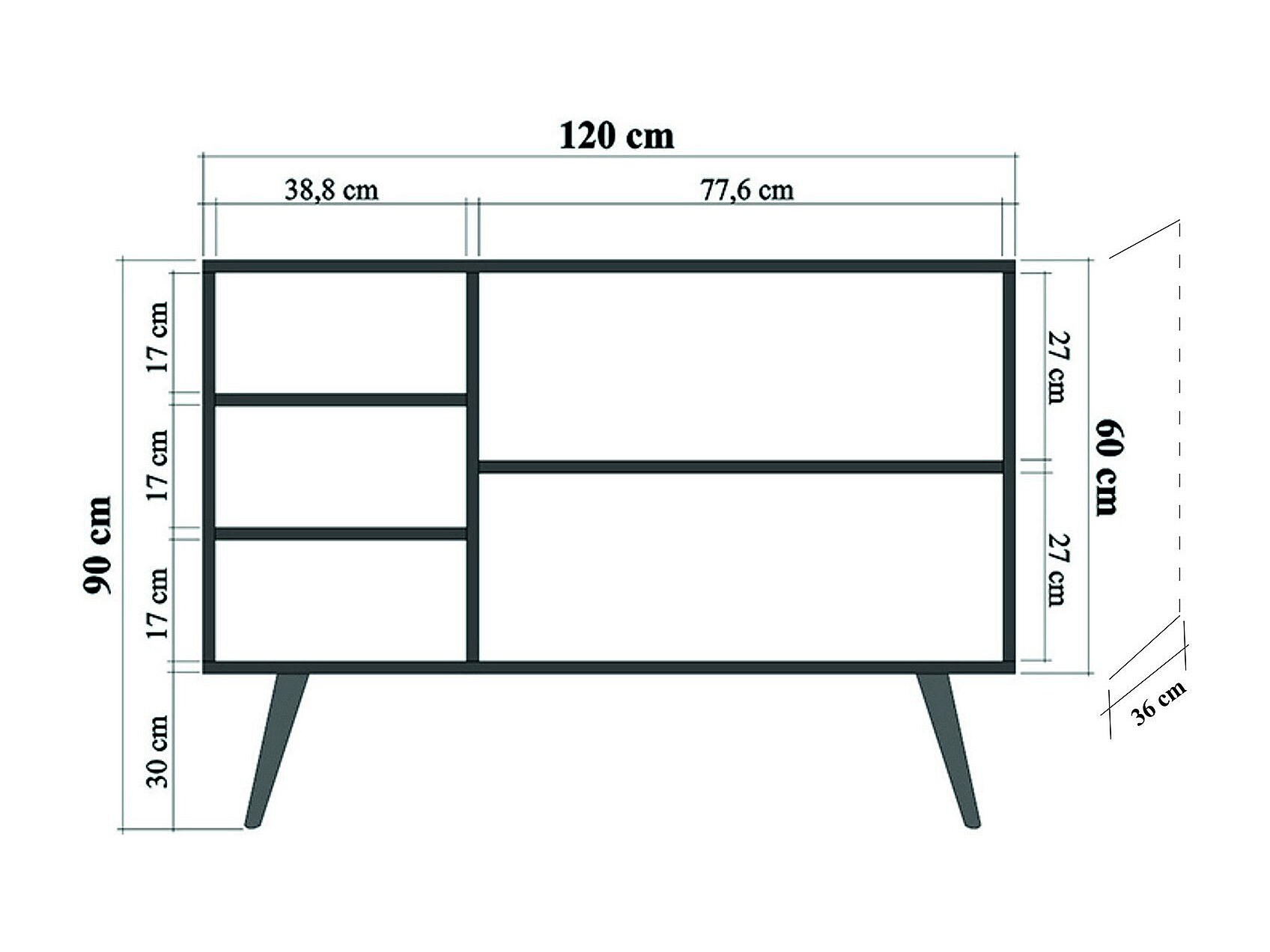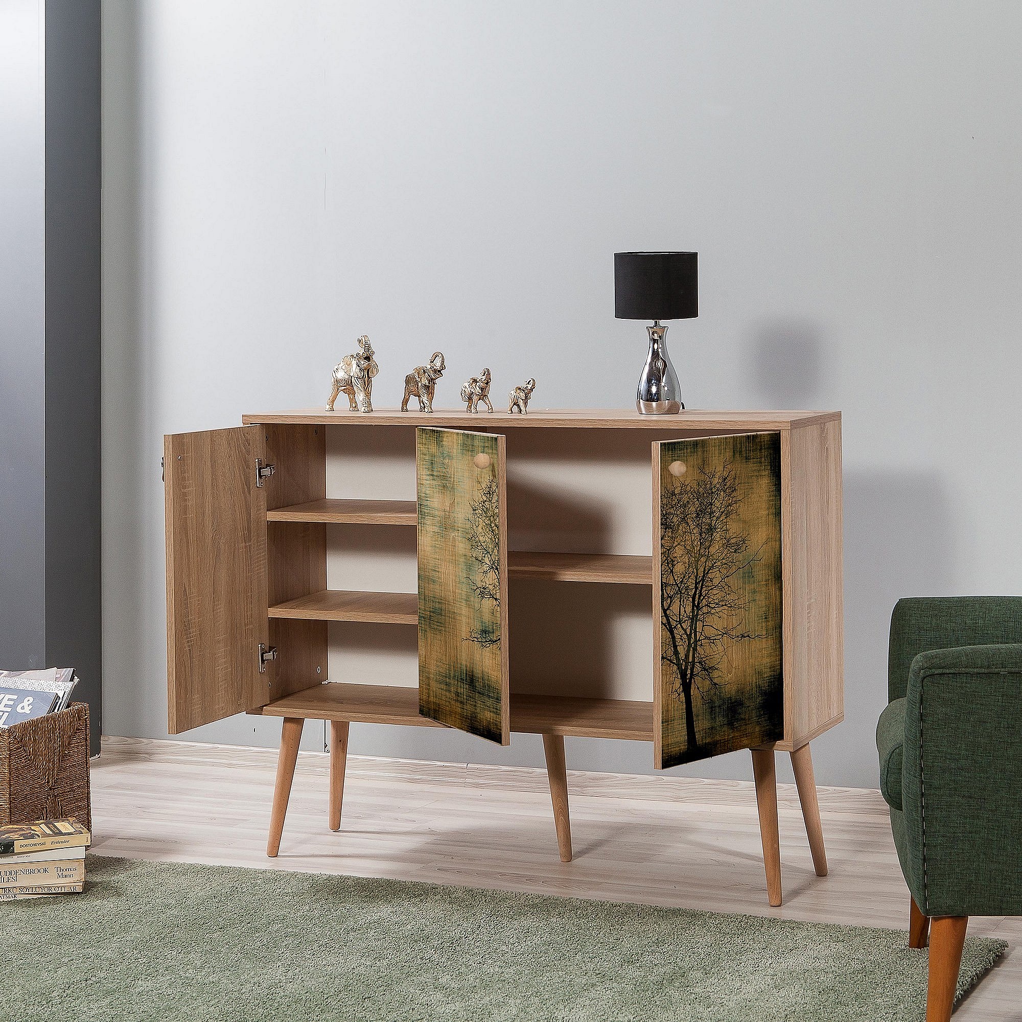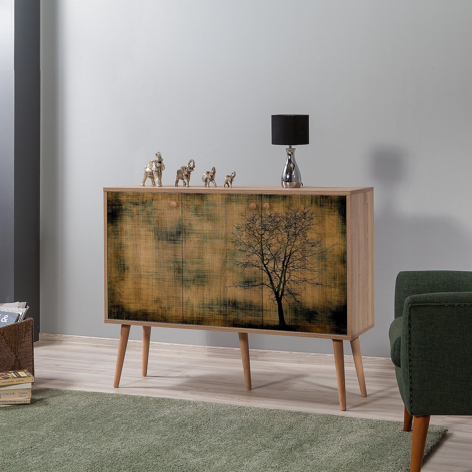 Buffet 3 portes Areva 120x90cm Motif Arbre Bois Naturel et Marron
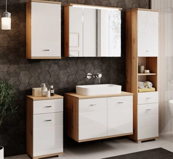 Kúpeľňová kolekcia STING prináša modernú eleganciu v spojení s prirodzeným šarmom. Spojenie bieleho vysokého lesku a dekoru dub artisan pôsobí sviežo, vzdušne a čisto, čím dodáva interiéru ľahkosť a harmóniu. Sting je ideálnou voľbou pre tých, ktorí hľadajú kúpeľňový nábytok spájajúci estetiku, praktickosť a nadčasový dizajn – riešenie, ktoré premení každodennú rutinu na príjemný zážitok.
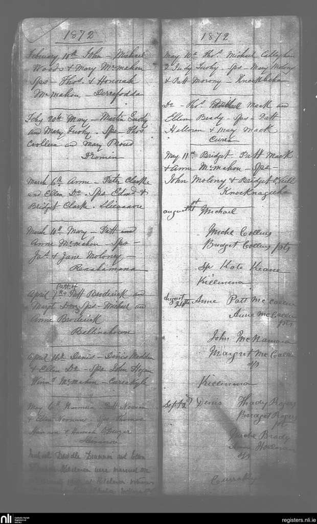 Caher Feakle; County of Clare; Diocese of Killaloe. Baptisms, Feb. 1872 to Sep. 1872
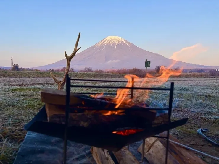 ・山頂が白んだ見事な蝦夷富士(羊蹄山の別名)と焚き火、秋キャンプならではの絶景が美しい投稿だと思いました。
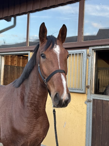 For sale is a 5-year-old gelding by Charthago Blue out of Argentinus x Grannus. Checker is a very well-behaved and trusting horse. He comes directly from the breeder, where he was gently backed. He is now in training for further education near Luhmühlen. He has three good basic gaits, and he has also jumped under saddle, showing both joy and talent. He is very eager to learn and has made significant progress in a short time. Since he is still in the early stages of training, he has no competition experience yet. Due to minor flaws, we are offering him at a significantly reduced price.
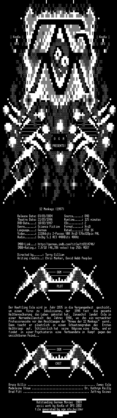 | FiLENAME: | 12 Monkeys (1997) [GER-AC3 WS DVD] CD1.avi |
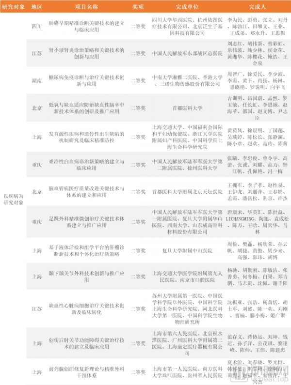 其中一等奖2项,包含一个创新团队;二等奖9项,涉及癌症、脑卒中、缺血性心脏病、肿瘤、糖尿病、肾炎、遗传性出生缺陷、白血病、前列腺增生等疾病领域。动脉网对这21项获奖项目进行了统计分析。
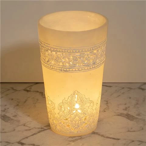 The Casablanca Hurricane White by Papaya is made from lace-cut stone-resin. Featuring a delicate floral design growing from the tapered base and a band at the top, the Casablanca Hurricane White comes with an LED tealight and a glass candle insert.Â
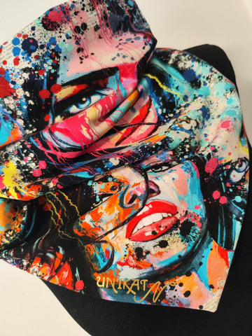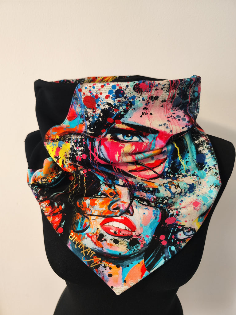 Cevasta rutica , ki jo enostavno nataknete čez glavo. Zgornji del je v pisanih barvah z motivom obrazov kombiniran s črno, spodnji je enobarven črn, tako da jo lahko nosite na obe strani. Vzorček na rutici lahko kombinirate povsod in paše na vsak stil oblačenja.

_____

EXERCISE DETAILS: Exactly as written, return every line of the listing, but not the pictures.

ANSWER TO THE EXERCISE:
 Buffet 3 portes Areva 120x90cm Motif Arbre Bois Naturel et Marron
 Kúpeľňová kolekcia STING prináša modernú eleganciu v spojení s prirodzeným šarmom. Spojenie bieleho vysokého lesku a dekoru dub artisan pôsobí sviežo, vzdušne a čisto, čím dodáva interiéru ľahkosť a harmóniu. Sting je ideálnou voľbou pre tých, ktorí hľadajú kúpeľňový nábytok spájajúci estetiku, praktickosť a nadčasový dizajn – riešenie, ktoré premení každodennú rutinu na príjemný zážitok.
 Caher Feakle; County of Clare; Diocese of Killaloe. Baptisms, Feb. 1872 to Sep. 1872
 ・山頂が白んだ見事な蝦夷富士(羊蹄山の別名)と焚き火、秋キャンプならではの絶景が美しい投稿だと思いました。
 For sale is a 5-year-old gelding by Charthago Blue out of Argentinus x Grannus. Checker is a very well-behaved and trusting horse. He comes directly from the breeder, where he was gently backed. He is now in training for further education near Luhmühlen. He has three good basic gaits, and he has also jumped under saddle, showing both joy and talent. He is very eager to learn and has made significant progress in a short time. Since he is still in the early stages of training, he has no competition experience yet. Due to minor flaws, we are offering him at a significantly reduced price.
 | FiLENAME: | 12 Monkeys (1997) [GER-AC3 WS DVD] CD1.avi |
 其中一等奖2项,包含一个创新团队;二等奖9项,涉及癌症、脑卒中、缺血性心脏病、肿瘤、糖尿病、肾炎、遗传性出生缺陷、白血病、前列腺增生等疾病领域。动脉网对这21项获奖项目进行了统计分析。
 The Casablanca Hurricane White by Papaya is made from lace-cut stone-resin. Featuring a delicate floral design growing from the tapered base and a band at the top, the Casablanca Hurricane White comes with an LED tealight and a glass candle insert.Â
 Cevasta rutica , ki jo enostavno nataknete čez glavo. Zgornji del je v pisanih barvah z motivom obrazov kombiniran s črno, spodnji je enobarven črn, tako da jo lahko nosite na obe strani. Vzorček na rutici lahko kombinirate povsod in paše na vsak stil oblačenja.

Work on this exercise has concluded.